When Things Go Wrong...
We all run into problems when running software. You will find that AXIS is no exception. It’s pretty demanding and it’s also not perfect. I’d like to take you through the kinds of things that can go wrong, why they happen, and what you can do to fix the problems you’re having and avoid them in the future. Some of the issues will be due to things at your end, under your control or under the control of your IT support, and some will be our fault and up to us to fix.
I’ll attempt to do this without getting overly technical. Let me know if I succeed.
We have a comprehensive set of guidelines on how to set up AXIS (and also GridLink and EnterpriseLink). The guidelines go into a lot of detail about what you need to do to avoid this type of error. These include requirements on real time Antivirus exemptions, safe methods of backing up your computer, data deduplication (don’t ask) and so on. The guidelines are not just advice, they are also requirements. We expect AXIS to fail if these requirements are not met. Contact firstname.lastname@example.org for the latest requirements and guidelines.
What can go wrong?
During the normal course of its operations, AXIS will open and close files repeatedly, either to read from them or to write into them. Some of these operations are carried out explicitly by the AXIS code, and sometimes they are carried out by the database engines that we employ (Microsoft Jet, Microsoft SQL Server, and CodeBase). If we have written our code correctly, then there should be no cases where a file we wish to open is currently locked by another process. But if you are running another process which locks the files AXIS needs to open, then you can get this type of error. For example if you are running a backup on an AXIS dataset while that dataset is running a batch job, you may get an error. Or if the real time Antivirus software is scanning the AXIS dataset while a job is running, it may also lock a vital AXIS file.
Sometimes we can recover from such problems. We can include logic around our file opening code so that if it finds a file is locked it will wait then try again repeatedly. So AXIS may run successfully albeit much slower than it should run. But in other cases we cannot incorporate such logic, perhaps because it is not our code that is trying to open the file but Jet or CodeBase or SQL Server.

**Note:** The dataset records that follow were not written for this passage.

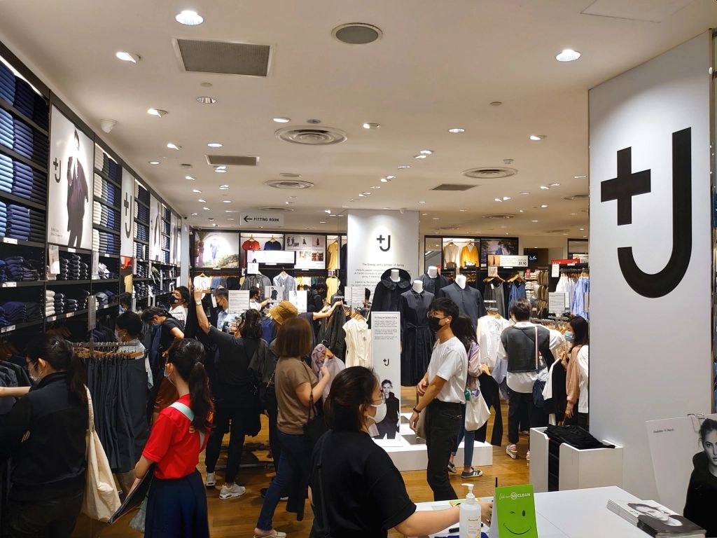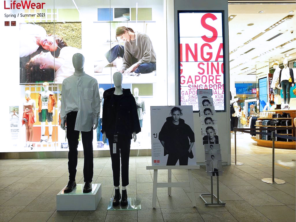 Like during the day of the launch last year, a holding area was set up on the connector-bridge that, pre-pandemic, would have led to Orchard Gateway. But unlike the previous occasion, black stools that looked like Ikea’s Marius were now available for the waiting to be more comfortable. And those in this space need not while away the time on their smartphone for long. Shoppers in the +J retail zone were given only half an hour to pick up what they desired (which recalled similar time limits at the launch of H&M’s designer collabs). To help them make the most of the 30 minutes, the +J catalogue was distributed prior to entry, but not many wanted it (later, it could be seen disposed in the bins throughout OC, and even further away at Takashimaya Shopping Centre). Once inside, there was a maximum of 20 shoppers allowed, which made for reasonably comfortable browsing and selecting. Staff manning the line had served the reminder that no more than five pieces for purchase per person was permissible, and no more than one per style (but another colour was allowed).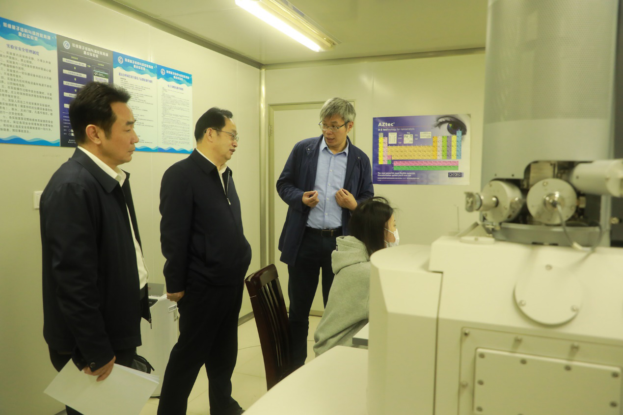 鲁先华一行在物理与电子科学学院院长唐东升、地理科学学院副院长李忠武等人的引导下先后参观了量子楼与地理科学学院的部分实验室,深入了解洞庭湖沉积有机碳来源对土壤侵蚀的响应及土地利用优化调控项目(获2019年国家区域创新发展联合基金资助)、电化学制氢和用氢关键催化材料与器材项目(获2021年省基础研究类“揭榜挂帅”资助)的研究进展和科研成果。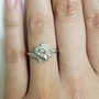 Total diamond weight is over .5 carats. Diamonds are eye clean (possibly SI in clarity) and has quite the fire and sparkle. The larger center diamond does look warmer vs the smaller center diamond in some lighting, but this is definitely not obvious and does not stand out when worn. I just want to mention it to be truly honest in my observation. The illusion setting is well done and adds to the charm and presence of the ring.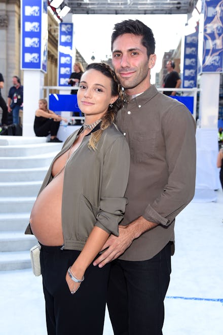 Nev Schulman, the host of MTV's TV show Catfish, showed up with his pregnant fiancée, Laura Perlongo, a woman who apparently wanted the entire world to know that yes, she is pregnant, because to the 2016 VMAs, she didn't wear a shirt.

So we will most likely ask you to check whether your system is set up in compliance with our minimum requirements before we investigate further. Other software that involves heavy use of relational database engines will often have similar guidelines. You may not have seen them because these applications (MS Exchange, MS SQL Server, Oracle etc.) are most often set up on servers rather than your own desktop. As AXIS users migrate to a server platform through EnterpriseLink and GridLink, these problems will likely disappear.
Out of Disk Space
This is one of the easiest problems to diagnose and fix. You may need to move things to a different drive, to upgrade to a larger drive, or simply to review the directories and files on that drive and remove the ones you don’t need any more. Disk drives are inexpensive and you always need more space than you think you will. We provide guidelines for EnterpriseLink and GridLink installations.
Out of Resources
Your desktop contains a lot of resources provided or managed by the operating system for application software to use. For example there will be a certain number of file handles which limits the number of files that can be open at any one time. There will also be a fixed amount of memory, although the operating system can sometimes recover from a lack of physical memory by using part of the disk drive as memory. OK in emergencies, but not a good idea in the long run because disk drives are very much slower than regular memory.

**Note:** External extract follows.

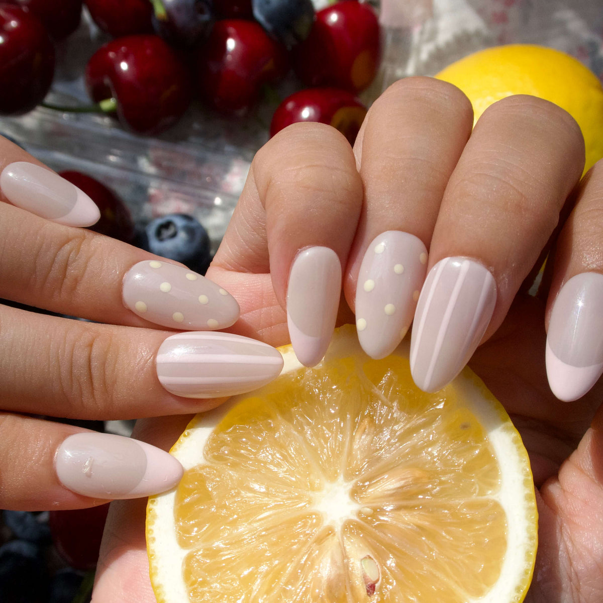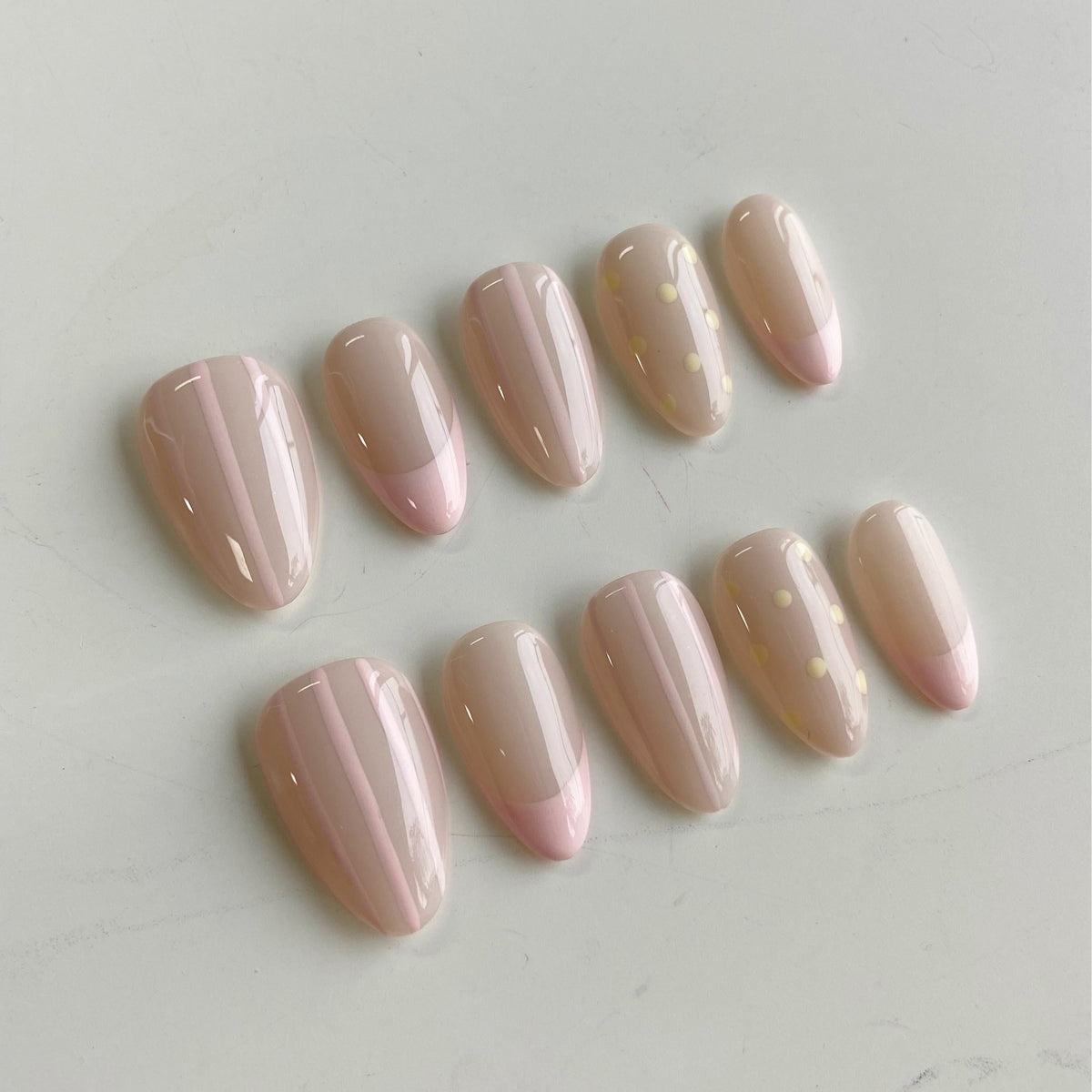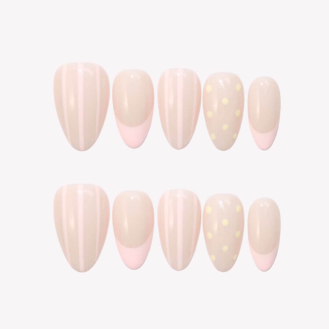Let your nails breathe with effortless charm in Time to Unwind by HultyNail. These nude-based press-on nails blend soft pink tones with delicate stripes and a modern French tip design. A pop of pale yellow polka dots on the ring finger adds a playful twist—perfect for those slow, relaxing days when all you need is a touch of sweetness.

Sometimes you may get a message about running out of resources, and the message may not be very explicit. The first thing to look at is the list of other programs you are running at the same time. Perhaps some of these can be closed, releasing the resources they use back into the pool. That doesn’t always work because the operating system is not perfect and may not release the resources when you close the applications.
One particularly nasty problem is called a memory leak. When you close an application it is supposed to release all the memory it was using back into the pool. But if that application has a memory leak, each time you open and close the application, a bit more of the computer’s memory is set aside as unusable. The only solution is to reboot the computer. The memory leak could be in AXIS, and if you suspect that’s what you are seeing, please let us know and we will investigate. It is unlikely that AXIS has a memory leak because we have tools to test for this problem which we run on a regular basis. So most likely it is in another program you are running. It may not be one of the programs that you are calling directly but may instead be in some utility called directly by the operating system itself or by another application you are running.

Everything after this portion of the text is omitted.